What is expected
Drop the images, then output the listing exactly.

Data segment
□ □ □ □ □

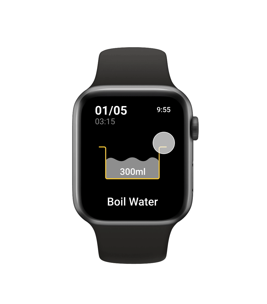 Use simple patterns to show each cooking step, and users can also jump directly to the next step reminder by shaking the wrist twice. When they need to pause during cooking, they can long-press the watch screen. Make every step of cooking can be flexibly controlled by users, release their hands, focus more on cooking, make the process clearer and reduce mistakes.
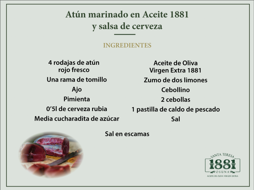 Es el caso del Atún Rojo, un codiciado espécimen propio del mar andaluz que tolera marinajes para comerse crudo o cocciones de cualquier tipo, ya sean rápidas –a la plancha– o más reposadas –encebollado o con salsa de cerveza–. Así, con esta última opción vamos a llevar a cabo distintos usos de nuestro Aceite de Oliva Virgen Extra 1881 que detallamos a continuación.
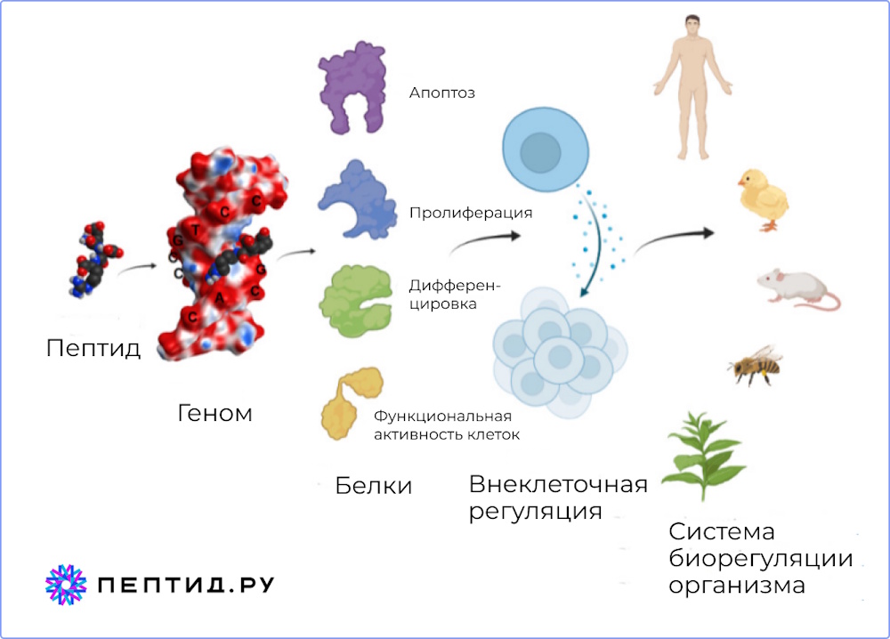 Важно понимать, что пептиды — это не чужеродные вещества. Они образуются естественным путём: когда мы едим белковую пищу, она расщепляется в желудочно-кишечном тракте до ультракоротких пептидов, которые затем всасываются в кровь и начинают свою сигнальную работу. Единый механизм пептидной регуляции экспрессии генов и синтеза белков работает у всех живых организмов — от растений и бактерий до приматов и человека. Физиологическая активность пептидов изучена на 17 видах организмов, что подтверждает универсальность этого механизма.

□ □ □ □ □

Exercise output
 Use simple patterns to show each cooking step, and users can also jump directly to the next step reminder by shaking the wrist twice. When they need to pause during cooking, they can long-press the watch screen. Make every step of cooking can be flexibly controlled by users, release their hands, focus more on cooking, make the process clearer and reduce mistakes.
 Es el caso del Atún Rojo, un codiciado espécimen propio del mar andaluz que tolera marinajes para comerse crudo o cocciones de cualquier tipo, ya sean rápidas –a la plancha– o más reposadas –encebollado o con salsa de cerveza–. Así, con esta última opción vamos a llevar a cabo distintos usos de nuestro Aceite de Oliva Virgen Extra 1881 que detallamos a continuación.
 Важно понимать, что пептиды — это не чужеродные вещества. Они образуются естественным путём: когда мы едим белковую пищу, она расщепляется в желудочно-кишечном тракте до ультракоротких пептидов, которые затем всасываются в кровь и начинают свою сигнальную работу. Единый механизм пептидной регуляции экспрессии генов и синтеза белков работает у всех живых организмов — от растений и бактерий до приматов и человека. Физиологическая активность пептидов изучена на 17 видах организмов, что подтверждает универсальность этого механизма.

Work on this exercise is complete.